Your goal: Copy each record exactly and skip its pictures.

Supplied material:
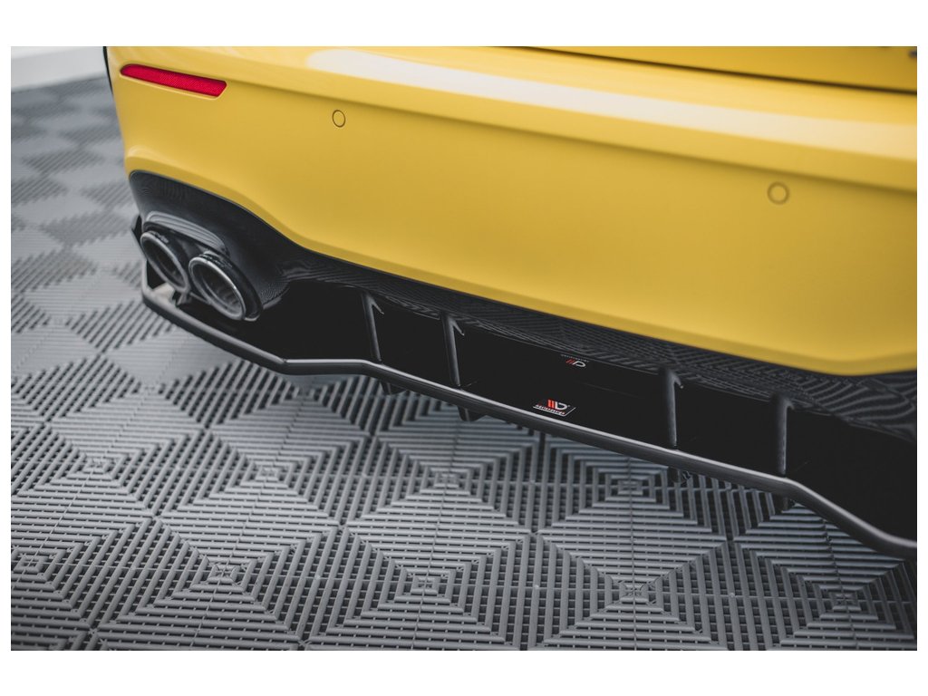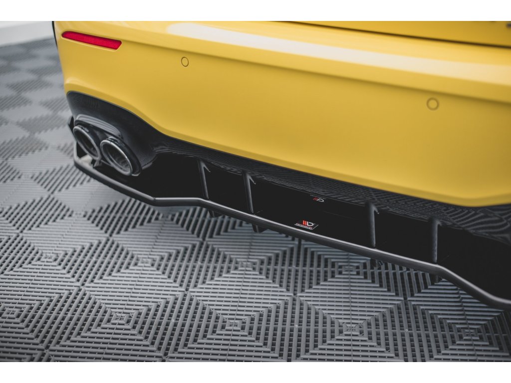 Maxton Design středový spoiler pod zadní nárazník s křidélky pro vozidlo Mercedes třída A W177 45 AMG . Povrchová úprava spoileru černý lesklý plast ABS.
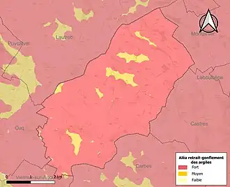 La commune est vulnérable au risque de mouvements de terrains constitué principalement du retrait-gonflement des sols argileux[22]. Cet aléa est susceptible d'engendrer des dommages importants aux bâtiments en cas d’alternance de périodes de sécheresse et de pluie. La totalité de la commune est en aléa moyen ou fort (76,3 % au niveau départemental et 48,5 % au niveau national). Sur les 200 bâtiments dénombrés sur la commune en 2019, 200 sont en aléa moyen ou fort, soit 100 %, à comparer aux 90 % au niveau départemental et 54 % au niveau national. Une cartographie de l'exposition du territoire national au retrait gonflement des sols argileux est disponible sur le site du BRGM[23],[Carte 3].
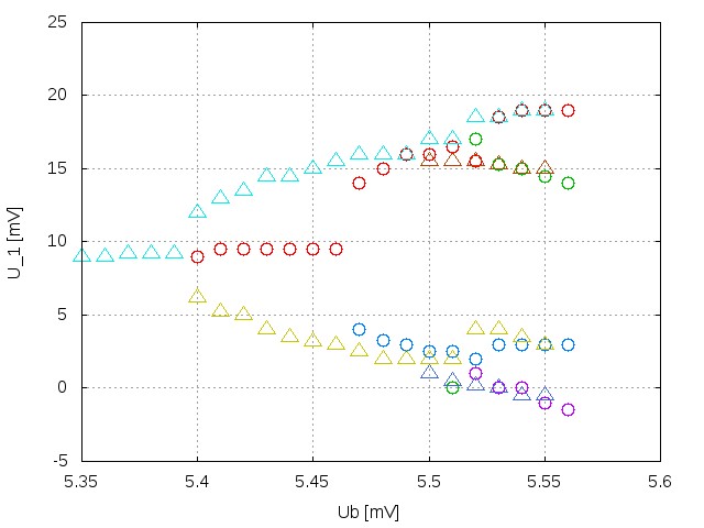 Die Abfolge der Periodenverdopplungen Mit dieser Schaltung konnte ich eine Folge von vier Periodenverdopplungen herbeiführen. Rekord! Der chaotische Übergang lag als Funktion der Gittervorspannung Ug0 bei Ukr = 13.48 V. Die Verdopplungen traten bei Spannungen auf, die um 1.01, 0.46, 0.20 und 0.06 V darüber lagen.
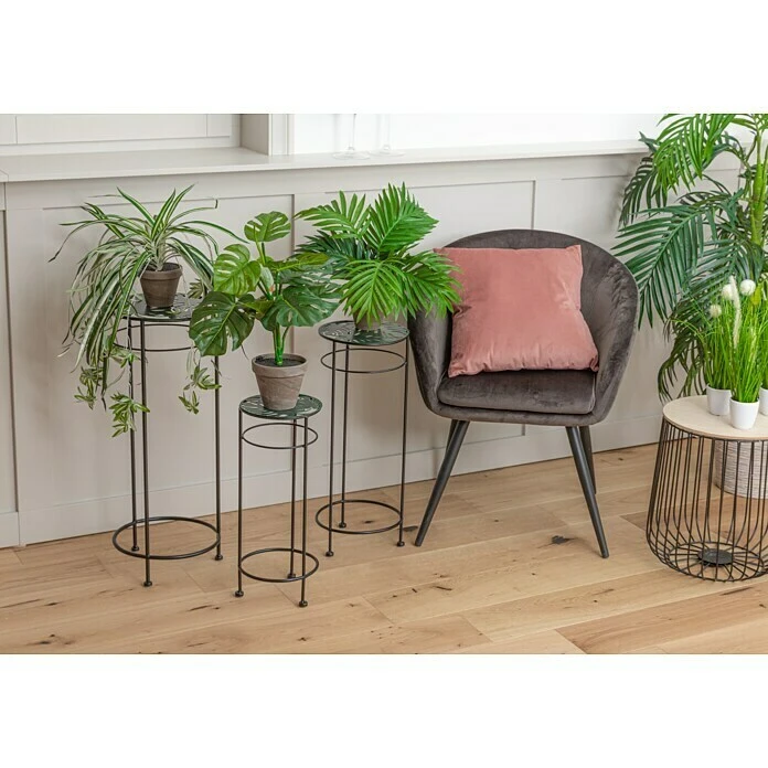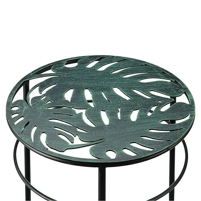 Der Beistelltisch ist mit seinem auffallenden Tischplattenmotiv ein echter Hingucker für jeden Wohnraum und bietet vielerlei Dekorationsmöglichkeiten. Die pulverbeschichtete Tischplatte mit Blattmotiv setzt einen schönen Kontrast, zu den aus Eisen gefertigten, lackierten Tischbeinen. Auch als Dekoobjekt für die Präsentation von Vasen, Blumen und Kunstelementen eignet er sich ideal. Der Beistelltisch ist in verschiedenen Größen erhältlich und kann individuell zusammengestellt werden.
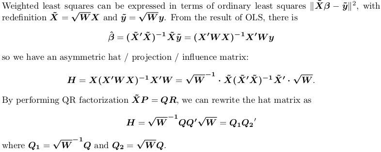 Q <- qr.qy(QR, diag(1, nrow = nrow(QR$qr), ncol = QR$rank))注意,我们没有像在链接答案中那样继续计算tcrossprod(Q),因为这是用于普通最小二乘的。对于加权最小二乘,我们需要Q1和Q2
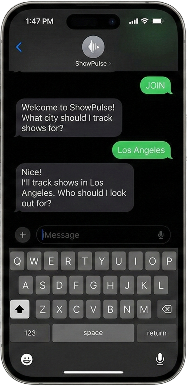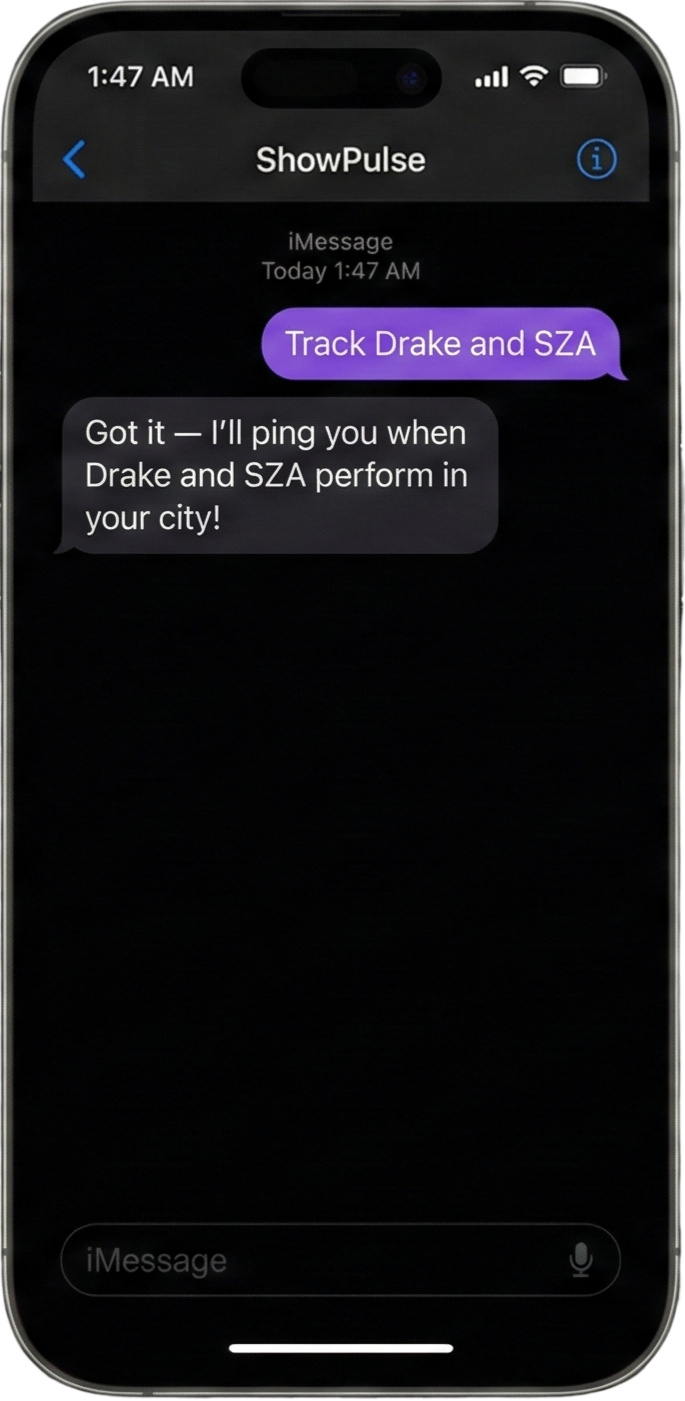 Set your city once and forget it. We'll only ping you about shows happening where you live. Moving? Just text us your new city.

Solution to this exercise:
 Maxton Design středový spoiler pod zadní nárazník s křidélky pro vozidlo Mercedes třída A W177 45 AMG . Povrchová úprava spoileru černý lesklý plast ABS.
 La commune est vulnérable au risque de mouvements de terrains constitué principalement du retrait-gonflement des sols argileux[22]. Cet aléa est susceptible d'engendrer des dommages importants aux bâtiments en cas d’alternance de périodes de sécheresse et de pluie. La totalité de la commune est en aléa moyen ou fort (76,3 % au niveau départemental et 48,5 % au niveau national). Sur les 200 bâtiments dénombrés sur la commune en 2019, 200 sont en aléa moyen ou fort, soit 100 %, à comparer aux 90 % au niveau départemental et 54 % au niveau national. Une cartographie de l'exposition du territoire national au retrait gonflement des sols argileux est disponible sur le site du BRGM[23],[Carte 3].
 Die Abfolge der Periodenverdopplungen Mit dieser Schaltung konnte ich eine Folge von vier Periodenverdopplungen herbeiführen. Rekord! Der chaotische Übergang lag als Funktion der Gittervorspannung Ug0 bei Ukr = 13.48 V. Die Verdopplungen traten bei Spannungen auf, die um 1.01, 0.46, 0.20 und 0.06 V darüber lagen.
 Der Beistelltisch ist mit seinem auffallenden Tischplattenmotiv ein echter Hingucker für jeden Wohnraum und bietet vielerlei Dekorationsmöglichkeiten. Die pulverbeschichtete Tischplatte mit Blattmotiv setzt einen schönen Kontrast, zu den aus Eisen gefertigten, lackierten Tischbeinen. Auch als Dekoobjekt für die Präsentation von Vasen, Blumen und Kunstelementen eignet er sich ideal. Der Beistelltisch ist in verschiedenen Größen erhältlich und kann individuell zusammengestellt werden.
 Q <- qr.qy(QR, diag(1, nrow = nrow(QR$qr), ncol = QR$rank))注意,我们没有像在链接答案中那样继续计算tcrossprod(Q),因为这是用于普通最小二乘的。对于加权最小二乘,我们需要Q1和Q2
 Set your city once and forget it. We'll only ping you about shows happening where you live. Moving? Just text us your new city.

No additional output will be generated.